==== Input data

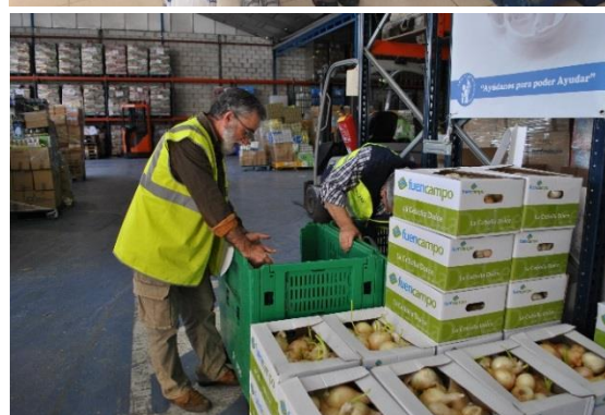
Voluntarios del Banco de Alimentos realizando tareas en la Gran Recogida y en el almacén
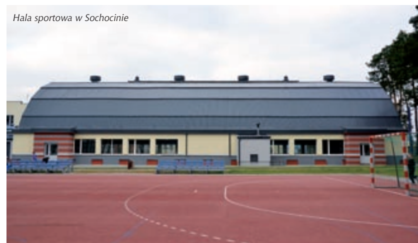
Hala sportowa w Sochocinie

Stadion na ok. 500 miejsc (w tym siedziska plastikowe). Płyta główna boiska w 2009 r. przeszła gruntowną modernizację. Obiekt położony w pobliżu lasu i głównej drogi. Nowa murawa wyposażona jest w system natrysków. Obok stadionu znajduje się hala sportowa, szatnie i hotel.
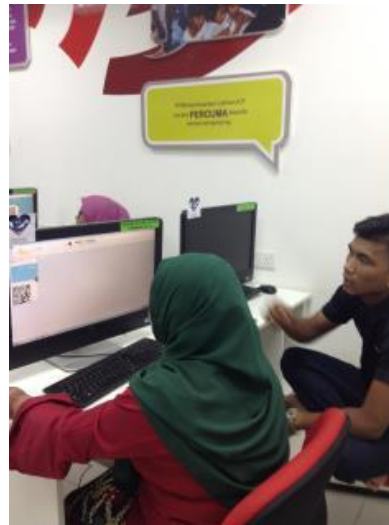
Peserta mengedit QR Code menggunakan paint
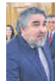
José Manuel Rodríguez Uribes MINISTRO DE CULTURA Y DEPORTES
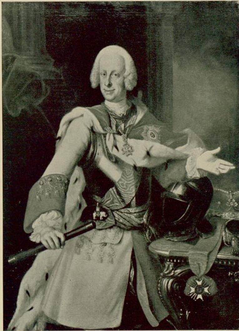
Landgraf Ludwig VIII. von Hessen-Darmstadt, der Vater Karoline Luisens.
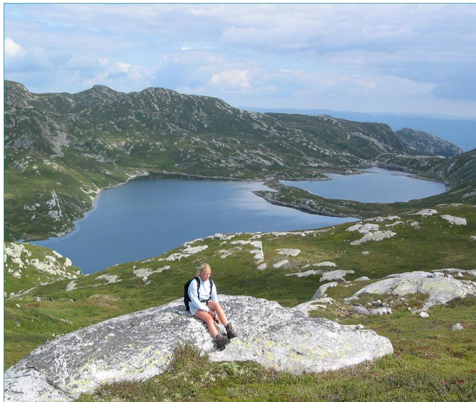
Utsikt mot Holmen
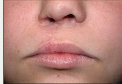
III. 6 : Après l'évaluation fonctionnelle de la lèvre, l'ostéotomie Le Fort I et la greffe osseuse.

pour déterminer si la restauration musculaire qui a été faite durant la chirurgie antérieure est adéquate et précise. Au repos, il s'agit d'évaluer la symétrie et la présence de cicatrice ou de déformation au niveau du vermillon de la lèvre. L'évaluation de la lèvre en projection consiste à évaluer la symétrie et le renflement musculaire. L'examen radiographique consiste d'abord à prendre des radiographies rétroalvéolaires, occlusales (ill. 3) et panoramiques, puis une tomodynamométrie est réalisée s'il y a lieu pour obtenir une meilleure appréciation de l'anatomie de la fente du maxillaire supérieur. L'évaluation du nez vise à déceler toute asymétrie et aplatissement de l'aile du côté de la fente. Enfin, une évaluation clinique, une radiographie céphalométrique latérale (ill. 4) et une analyse céphalométrique sont faites du massif facial pour déceler toute anomalie dentosquelettique. Le déficit antéro-postérieur supérieur et l'absence de soutien labial qui en résulte sont fréquents chez les patients qui ont une fente labiale.
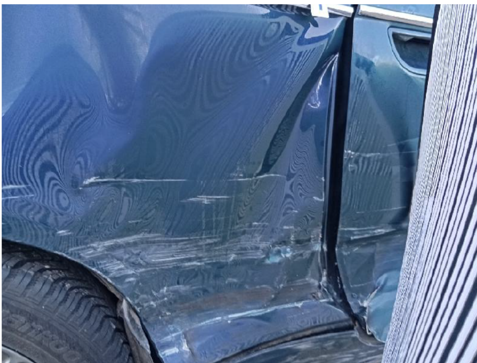
Bild: 28 Seitenwand hinten rechts deformiert
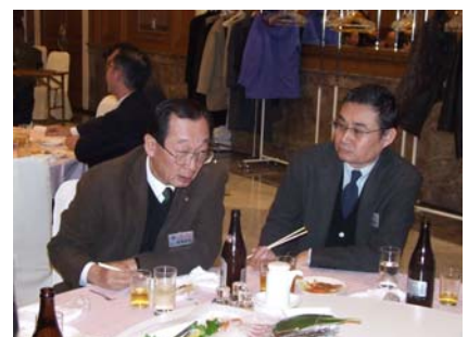
50周年に向けた話し合い中？
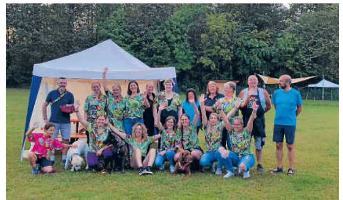
Helfer des Aloha-Cups
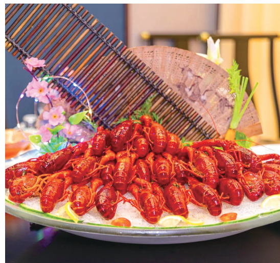
盐镇水街盐田夜市

COOL SUMMER! 龙虾盛宴 解锁盐城夏日舌尖狂欢 Summer 盐镇水街盐田夜市
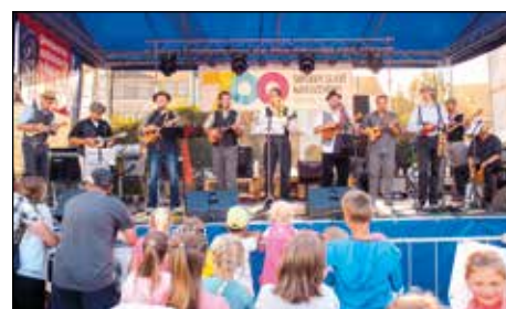
Premiérové vystoupení svitavské kapely SUE
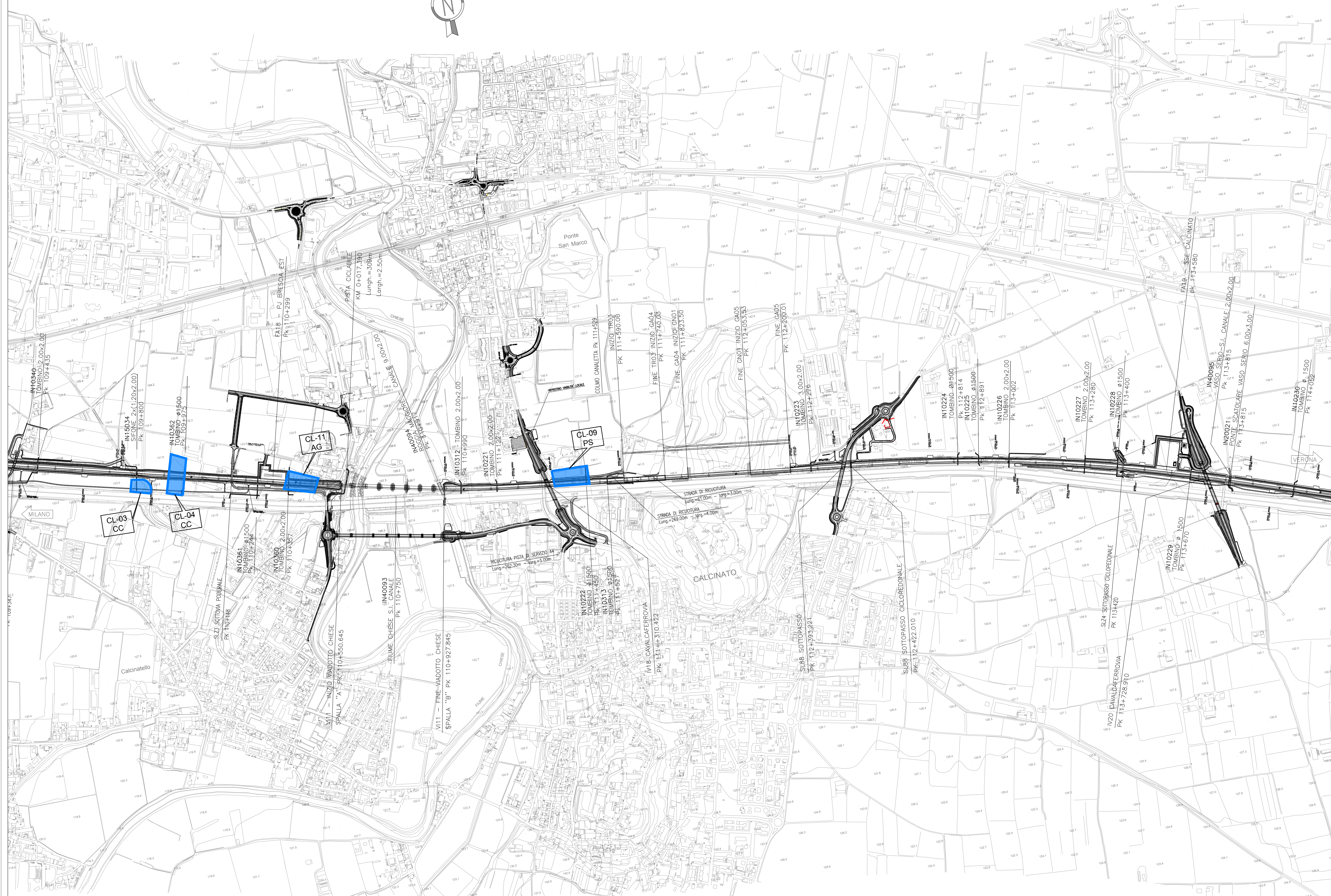
QUADRO DI UNIONE
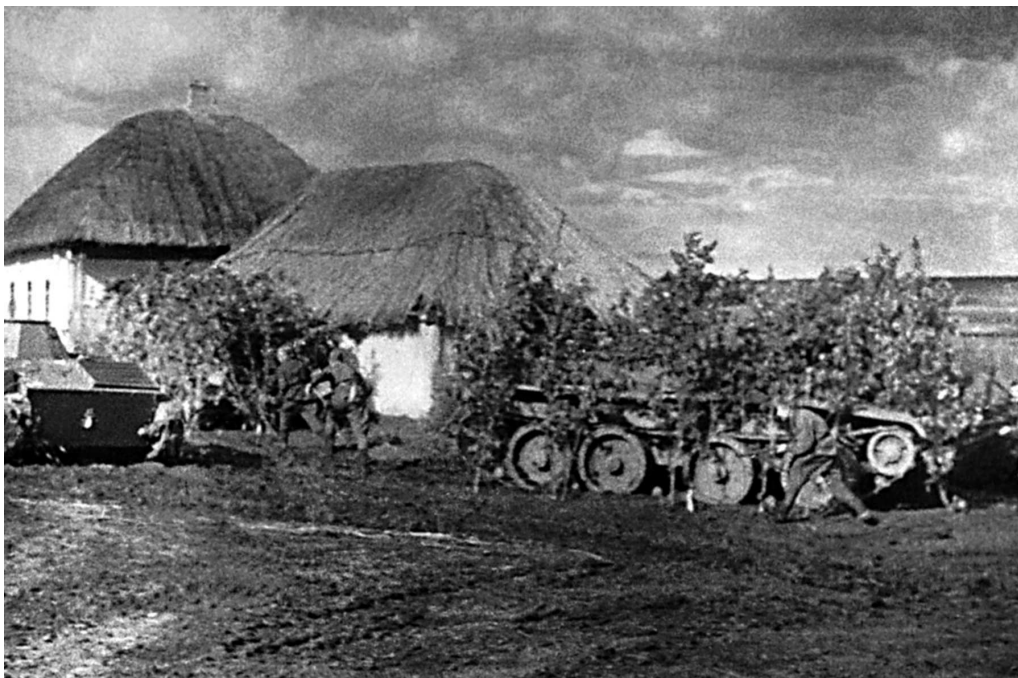
Танки БТ-7 и Т-60, замаскированные в одном из украинских сел. Юго-Западный фронт, май 1942 года. Скорее всего, машины из состава 10-й танковой бригады.

из района Балаклеи и армейской группы генерала Клейста (1-я танковая и 17-я армии) из района Славянска и Краматорска в общем направлении на Изюм окружить и уничтожить советские войска на барвенковском выступе и захватить плацдарм в районе Изюма, который в дальнейшем должен был стать исходным рубежом для развития наступления. Операция «Фридрикус 1» должна была создать условия для развертывания наступления в направлениях Кавказа и Волги.

========

- _Exercise objective_
Starting with the first line of the data, transcribe every line exactly through the one containing "50周年に向けた話し合い中？". No pictures go in.

- _Problem solution_
Voluntarios del Banco de Alimentos realizando tareas en la Gran Recogida y en el almacén
Hala sportowa w Sochocinie

Stadion na ok. 500 miejsc (w tym siedziska plastikowe). Płyta główna boiska w 2009 r. przeszła gruntowną modernizację. Obiekt położony w pobliżu lasu i głównej drogi. Nowa murawa wyposażona jest w system natrysków. Obok stadionu znajduje się hala sportowa, szatnie i hotel.
Peserta mengedit QR Code menggunakan paint
José Manuel Rodríguez Uribes MINISTRO DE CULTURA Y DEPORTES
Landgraf Ludwig VIII. von Hessen-Darmstadt, der Vater Karoline Luisens.
Utsikt mot Holmen
III. 6 : Après l'évaluation fonctionnelle de la lèvre, l'ostéotomie Le Fort I et la greffe osseuse.

pour déterminer si la restauration musculaire qui a été faite durant la chirurgie antérieure est adéquate et précise. Au repos, il s'agit d'évaluer la symétrie et la présence de cicatrice ou de déformation au niveau du vermillon de la lèvre. L'évaluation de la lèvre en projection consiste à évaluer la symétrie et le renflement musculaire. L'examen radiographique consiste d'abord à prendre des radiographies rétroalvéolaires, occlusales (ill. 3) et panoramiques, puis une tomodynamométrie est réalisée s'il y a lieu pour obtenir une meilleure appréciation de l'anatomie de la fente du maxillaire supérieur. L'évaluation du nez vise à déceler toute asymétrie et aplatissement de l'aile du côté de la fente. Enfin, une évaluation clinique, une radiographie céphalométrique latérale (ill. 4) et une analyse céphalométrique sont faites du massif facial pour déceler toute anomalie dentosquelettique. Le déficit antéro-postérieur supérieur et l'absence de soutien labial qui en résulte sont fréquents chez les patients qui ont une fente labiale.
Bild: 28 Seitenwand hinten rechts deformiert
50周年に向けた話し合い中？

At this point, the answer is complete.